# "Bright Effects" Light Bulbs - Don't Buy



## Oldstick

Not going to get into the arguments pro or con as far as the government urging everyone to move to the new "green" mercury type flourescent bulbs.

But I will report my experience with this brand (Bright Effects).  Bought some at Lowes for what seemed like a bargain price.  So far 5 of them have failed within a year with another one about to fail any day.  This is despite the claims on the package of lasting 5 to 7 years which is what the government  has been touting as a reason to switch.  Some of the other name brands might be fine, but I will definitely avoid this brand from now on.


----------



## Cornelia_Hiker

I've seen various bulbs at Lowes that state LIFE and have a warranty to that effect. I would get those and keep that receipt!

Good luck


----------



## Redbow

Just wondering if those bulbs were made in China ?


----------



## Ta-ton-ka chips

Same thing from Home Depot.
Bought those crappy 10yr - lifetime bulbs and they burnt out in about a year. Going green is expensive, don't waste your money


----------



## NOYDB

Are you stock piling a supply of regular bulbs for the coming black out?


----------



## jkoch

Cornelia_Hiker said:


> I've seen various bulbs at Lowes that state LIFE and have a warranty to that effect. I would get those and keep that receipt!
> 
> Good luck



life means "life of the bulb" poof: warranty gone!


----------



## Gunsmoke

I have the same problem with Sylvania bulbs they are made in china now also and  we used to get over a year out of them and now we have to change them  every few months  in the building. I have been putting the date on them and sending them back to the  lighting distributer we buy from and getting credit  because they are guaranteed to give 2500 hr service .Maybe sooner or later they will get tired of that and  get them made back in the USA.


----------



## whitworth

*A Repetition*

As I recall, when as a kid, those candles, for light, didn't stay lite for a long time.  

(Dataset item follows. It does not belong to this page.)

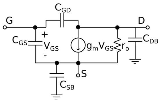 The oscillation frequency of a VCO can be evaluated using Equation (1), and, to vary such a frequency, a CMOS CML stage with active load is usually employed, as shown herein. In this manner, the CMOS CML stage has a P-type MOS transistor as load, which operates in the triode region and its associated resistance is controlled by a voltage source . The associated resistance of the active load is connected with a load capacitor in which both give rise to a time constant , so that varying makes varying the oscillation frequency [], and depending on the number of CML stages N, one can use Equation (1). Extending the oscillation frequency in a wider range that can be controlled by varying , requires a good design methodology. For instance, one must consider the number of stages that must be connected in a ring topology, as well as the delay of each CMOS CML stage. At first sight, one can think on reducing the number of stages and their associated delay to increase the oscillation frequency. However, the main effects are that decreasing N yields a reduction in gain, which may result in the oscillation eventually stopping. In this manner, this article shows that deriving the symbolic approximation of the dominant pole of the CMOS CML stage, through the use of the high-frequency small-signal equivalent model of the MOS transistor [], can help to enhance the oscillation frequency.

Must have the same patent attorneys.


----------



## sharpeblades

*New Lights*

I have been using the ones from wal-mart with no complaints .i have one burning on my outside shop for 3years now.The ones in the house going on 2-1/2 yrs. and only one replaced


----------



## whitworth

*Well how about that*

I'm saving money buying the same kind of light bulbs I bought thirty years ago.  Did Al Gore invent green bulbs like he did global warming?   Been wondering about that.


----------



## BBQBOSS

Ta-ton-ka chips said:


> Same thing from Home Depot.
> Bought those crappy 10yr - lifetime bulbs and they burnt out in about a year. Going green is expensive, don't waste your money





Oldstick said:


> Not going to get into the arguments pro or con as far as the government urging everyone to move to the new "green" mercury type flourescent bulbs.
> 
> But I will report my experience with this brand (Bright Effects).  Bought some at Lowes for what seemed like a bargain price.  So far 5 of them have failed within a year with another one about to fail any day.  This is despite the claims on the package of lasting 5 to 7 years which is what the government  has been touting as a reason to switch.  Some of the other name brands might be fine, but I will definitely avoid this brand from now on.




yep, me to.


----------



## GrandSlamHunter

I put 6 in our bathroom 6 months ago and have already replaced 3 of them. Most warranties are with the manufacturer and require the bulb to be shipped back to them for a replacement. Not worth it!


----------



## Oldstick

Don't see any markings on them to indicate where made, but every single one burned out so far has a Bright Effects trademark on them.  Up to 6 or 7 gone now and hope that is all of them.  The other brands seem to be doing fine, they have been in service for at least a couple years or more.  I don't hold my breath for any of them to go the advertised life though.


----------



## waterdogs

home depot has them as well. every time mine goes out, I take them back and they replace them, no questions asked. thats what I call TAKING CARE OF THE CUSTOMER.


----------



## Miguel Cervantes

GrandSlamHunter said:


> I put 6 in our bathroom 6 months ago and have already replaced 3 of them. Most warranties are with the manufacturer and require the bulb to be shipped back to them for a replacement. Not worth it!


 
We have them throughout our house, have had for 1 1/2 years now. The only ones that keep going out are in one fixture in the bathroom, which tells me it might not be the bulbs fault. Either way, we take them back to Home Depot with the receipt and get a replacement, no questions asked.


----------



## noggin nocker

most of mine have lasted at least four years.  I know because I mark the date installed with a sharpie.  Occasionally, I get a lemon but not usually. I have installed them in every socket that I can think of.  Not really concerned with the energy savings as much as I hate changing light bulbs.  I have started buying the ones labeled "daylight".  The light temperature that these give off appears much brighter and more pleasing to the eye than the soft wihite versions.


----------